Billions Flow Into Deep Tech Startups
Eclipse’s broader portfolio underscores this momentum. The firm reports that its companies across robotics, energy, defense, and infrastructure collectively raised nearly $15 billion from outside investors last year alone. In the first quarter of 2026, that figure already reached $4.5 billion, signaling sustained acceleration in late-stage funding activity.
Several standout funding rounds highlight the trend. Autonomous driving startup Wayve secured $1.2 billion, defense technology firm True Anomaly raised $650 million, robotics company Bedrock Robotics brought in $270 million, and infrastructure-focused Oxide Computer added $200 million in fresh capital. Notably, Eclipse served as the Series A investor in all four companies, reinforcing its early positioning in physical-world technologies.
This level of follow-on investment marks a dramatic shift from the firm’s early years, when its entire portfolio collectively raised less than $4 billion over an eight-year span. The contrast reflects both growing investor confidence and expanding demand for industrial-scale innovation.
AI, Capital, and Policy Alignment
While artificial intelligence is a major catalyst behind the surge in physical-tech investment, Eclipse argues that the trend is driven by a broader convergence of forces. Capital availability, workforce migration, customer demand, and government policy are all aligning to support the growth of hardware-heavy industries.

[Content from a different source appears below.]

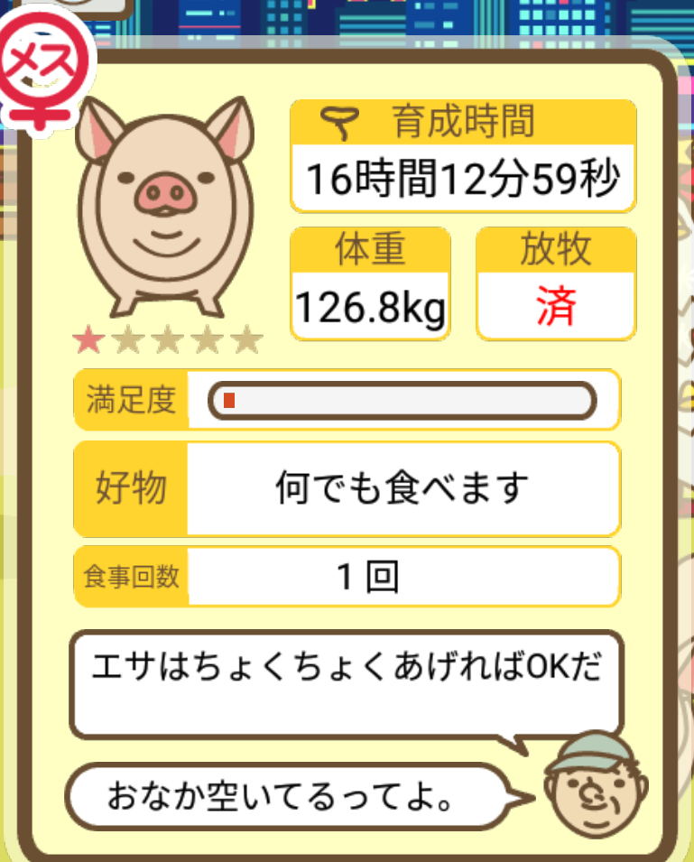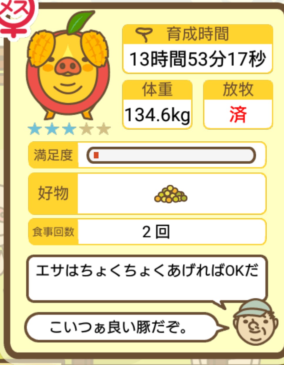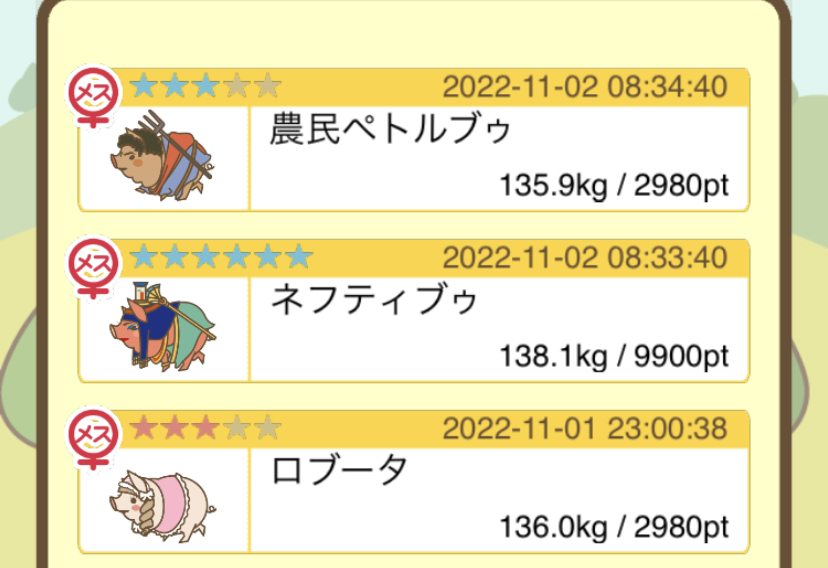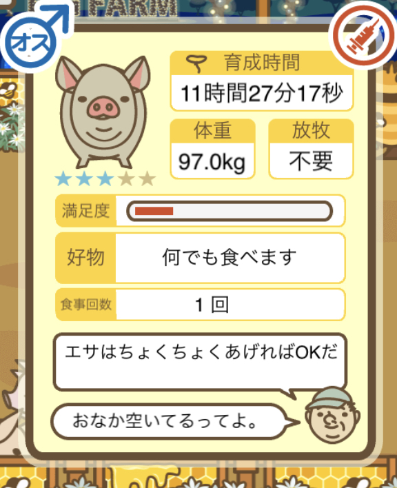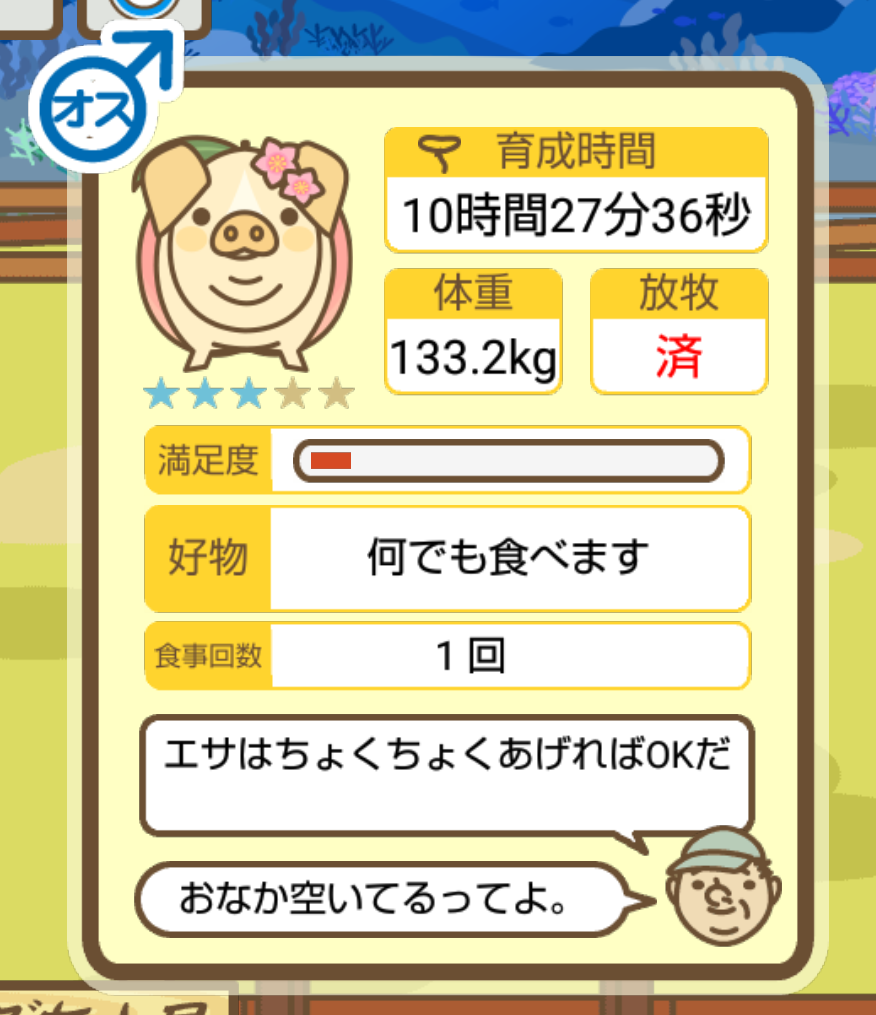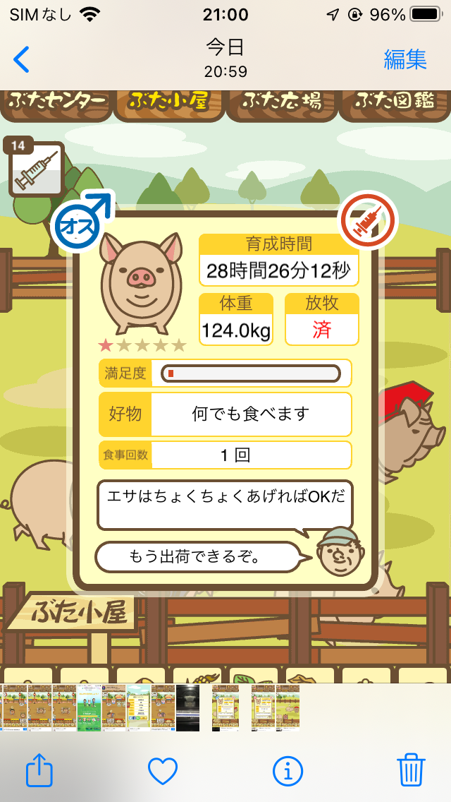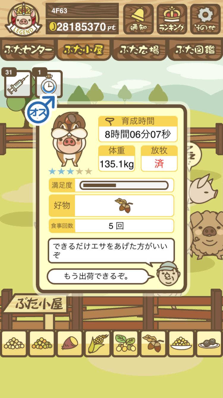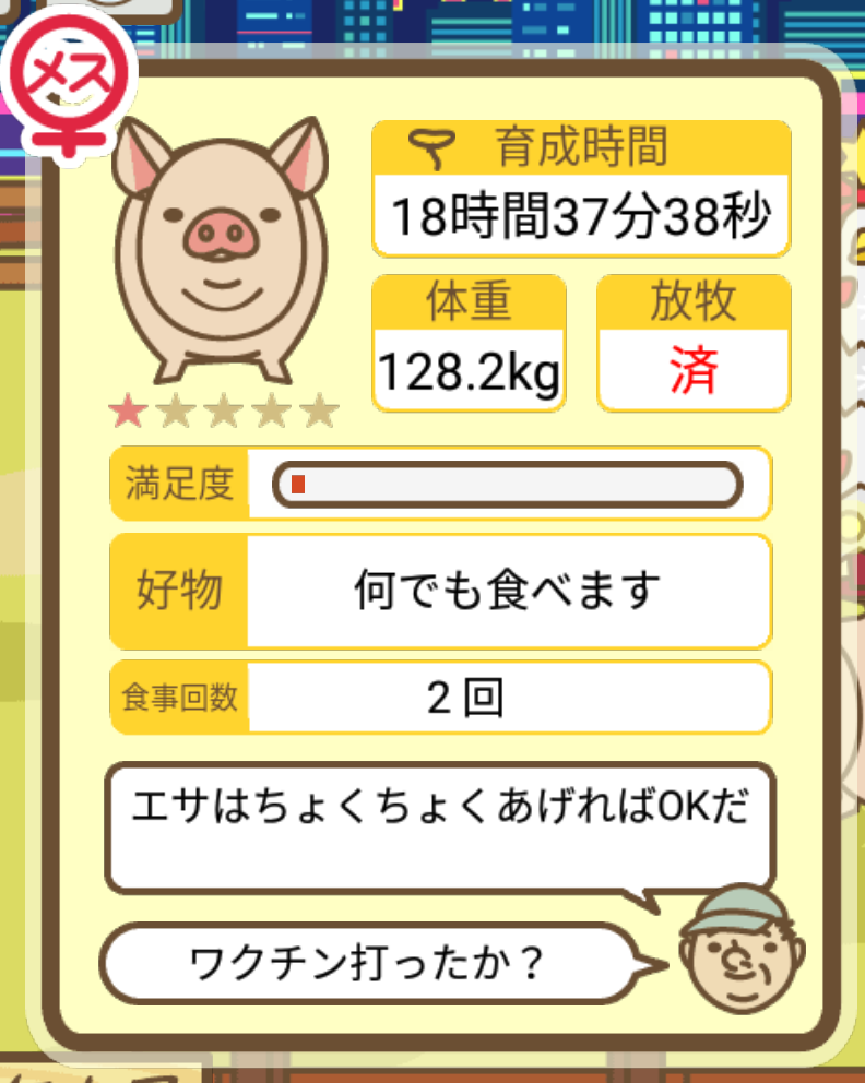 スクショないですが、放牧済、放牧場成豚、エサ3回では成功してます。(00:01成豚) -- 名無し[Ea6iFKq0LBo] 2025/11/07 (金) 21:15:25

Susan points to increased U.S. government support through subsidies and favorable regulation as a key accelerant, alongside rising institutional interest in semiconductors, robotics, space systems, and advanced manufacturing. He believes these combined forces represent a rare historical alignment between technology innovation and industrial policy.
“This is the first time I believe in America ever, from Henry Ford and Carnegie, those five forces are aligned,” Susan said. “For builders like us, this is the best time to build those companies.”
As Cerebras’ blockbuster IPO demonstrates, Eclipse’s early conviction in physical-world technology is no longer a niche bet, it is rapidly becoming one of the most lucrative themes in venture capital.